The Research Laboratory of Electronics (RLE) at the Massachusetts Institute of Technology (MIT) announces that Dr. Paul B. Corkum, Professor of Physics, Ottawa University and the National Research Council of Canada, will deliver the 2009 Hermann Anton Haus Lecture. The lecture will take place Monday, 27 April 2009, 4:00 PM, in the Hermann Anton Haus Room of the RLE Conference Center (Room 36–428). The lecture is open to the general public.

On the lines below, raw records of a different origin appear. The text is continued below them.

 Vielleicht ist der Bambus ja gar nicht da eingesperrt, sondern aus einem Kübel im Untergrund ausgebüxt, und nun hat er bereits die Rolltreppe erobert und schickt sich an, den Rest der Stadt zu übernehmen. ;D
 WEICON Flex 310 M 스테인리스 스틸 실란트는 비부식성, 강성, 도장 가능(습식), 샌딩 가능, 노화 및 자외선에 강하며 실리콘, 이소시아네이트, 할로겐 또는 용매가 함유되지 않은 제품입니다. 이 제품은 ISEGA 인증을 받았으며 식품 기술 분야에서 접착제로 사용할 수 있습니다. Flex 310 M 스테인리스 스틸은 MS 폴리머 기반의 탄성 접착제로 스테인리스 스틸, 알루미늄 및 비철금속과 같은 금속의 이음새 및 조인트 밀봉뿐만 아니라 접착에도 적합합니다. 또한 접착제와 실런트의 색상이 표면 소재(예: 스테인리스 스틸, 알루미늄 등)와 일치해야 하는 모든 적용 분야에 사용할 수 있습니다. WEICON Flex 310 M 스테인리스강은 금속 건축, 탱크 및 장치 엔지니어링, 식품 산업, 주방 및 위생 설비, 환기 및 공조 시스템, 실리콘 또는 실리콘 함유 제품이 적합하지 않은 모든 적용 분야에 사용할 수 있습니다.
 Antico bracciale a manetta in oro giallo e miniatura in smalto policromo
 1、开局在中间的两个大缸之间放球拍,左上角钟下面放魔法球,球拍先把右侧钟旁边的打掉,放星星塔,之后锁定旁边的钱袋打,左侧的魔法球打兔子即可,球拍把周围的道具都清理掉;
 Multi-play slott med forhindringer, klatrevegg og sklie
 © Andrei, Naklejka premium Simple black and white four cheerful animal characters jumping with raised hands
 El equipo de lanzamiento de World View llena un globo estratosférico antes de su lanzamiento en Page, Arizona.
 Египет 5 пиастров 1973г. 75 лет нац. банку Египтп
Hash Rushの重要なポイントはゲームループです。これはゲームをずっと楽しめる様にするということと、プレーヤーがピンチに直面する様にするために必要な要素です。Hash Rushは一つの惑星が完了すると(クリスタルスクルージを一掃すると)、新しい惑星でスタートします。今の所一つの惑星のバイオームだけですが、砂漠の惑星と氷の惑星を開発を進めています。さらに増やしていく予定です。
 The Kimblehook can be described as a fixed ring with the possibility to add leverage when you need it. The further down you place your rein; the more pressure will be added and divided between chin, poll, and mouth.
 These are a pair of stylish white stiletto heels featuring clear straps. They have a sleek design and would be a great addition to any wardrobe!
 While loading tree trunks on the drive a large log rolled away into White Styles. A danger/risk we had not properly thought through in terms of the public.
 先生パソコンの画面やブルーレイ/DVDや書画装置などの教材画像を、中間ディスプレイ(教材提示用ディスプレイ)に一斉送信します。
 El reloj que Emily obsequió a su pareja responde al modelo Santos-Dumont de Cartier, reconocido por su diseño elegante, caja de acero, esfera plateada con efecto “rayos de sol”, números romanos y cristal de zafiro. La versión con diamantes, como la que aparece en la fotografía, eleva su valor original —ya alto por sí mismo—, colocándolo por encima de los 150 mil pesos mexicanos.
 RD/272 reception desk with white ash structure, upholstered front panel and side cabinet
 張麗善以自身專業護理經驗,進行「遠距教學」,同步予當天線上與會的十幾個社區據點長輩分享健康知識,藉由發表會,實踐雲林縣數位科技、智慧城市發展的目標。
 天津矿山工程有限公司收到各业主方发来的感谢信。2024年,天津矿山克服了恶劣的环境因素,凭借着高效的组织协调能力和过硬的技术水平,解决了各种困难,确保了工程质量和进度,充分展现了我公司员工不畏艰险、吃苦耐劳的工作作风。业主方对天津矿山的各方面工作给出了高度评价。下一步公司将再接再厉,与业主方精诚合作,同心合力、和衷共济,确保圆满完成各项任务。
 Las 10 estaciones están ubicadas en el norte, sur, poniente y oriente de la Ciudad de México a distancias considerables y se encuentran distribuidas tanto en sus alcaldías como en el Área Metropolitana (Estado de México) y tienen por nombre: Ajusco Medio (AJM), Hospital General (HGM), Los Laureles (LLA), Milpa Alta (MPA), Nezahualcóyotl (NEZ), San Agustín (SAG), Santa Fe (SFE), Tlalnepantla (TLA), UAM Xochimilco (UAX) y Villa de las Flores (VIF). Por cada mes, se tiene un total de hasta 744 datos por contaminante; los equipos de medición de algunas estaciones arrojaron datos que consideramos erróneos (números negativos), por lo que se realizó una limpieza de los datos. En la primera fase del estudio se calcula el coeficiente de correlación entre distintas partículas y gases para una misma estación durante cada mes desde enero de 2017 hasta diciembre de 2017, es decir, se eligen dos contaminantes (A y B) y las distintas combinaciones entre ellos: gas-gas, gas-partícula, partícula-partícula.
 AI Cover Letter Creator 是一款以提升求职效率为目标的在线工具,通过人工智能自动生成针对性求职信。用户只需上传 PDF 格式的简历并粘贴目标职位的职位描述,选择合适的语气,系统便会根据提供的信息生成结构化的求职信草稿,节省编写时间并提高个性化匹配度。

Professor Corkum is known for research that launched attosecond science. After studying the interaction of intense light pulses with atoms and molecules, his group he proposed how atomic and molecular gases can be used to produce attosecond pulses. In 2002 they measured the motion of hydrogen atoms in a hydrogen molecular ion with a timing precision of 200-attoseconds and a spatial precision of 0.02 Angstroms. In 2004 they demonstrated how attosecond technology can be used to image the highest occupied molecular orbital of Nitrogen. More recently they were able to strobe the attosecond motion of an electron in a hydrogen molecule almost instantaneously as the molecule breaks. Professor Corkum is a member of the Royal Societies of London and of Canada. He was the recipient of the Optical Society of America’s Charles H. Townes award and the IEEE’s Quantum electronics award in 2005. In 2006 he received the American Physical Society’s Arthur L. Schawlow Prize and Canada’s Killam Prize for physical sciences.
The Hermann Anton Haus Lecture is RLE’s visiting lecturer program designed to bring the leading world researchers in fields intersecting RLE interests to RLE to share their thoughts and perspectives with the MIT community. The lecture honors the memory of Professor Haus, and continues the process of collaborative dialog that he promoted throughout his lifetime.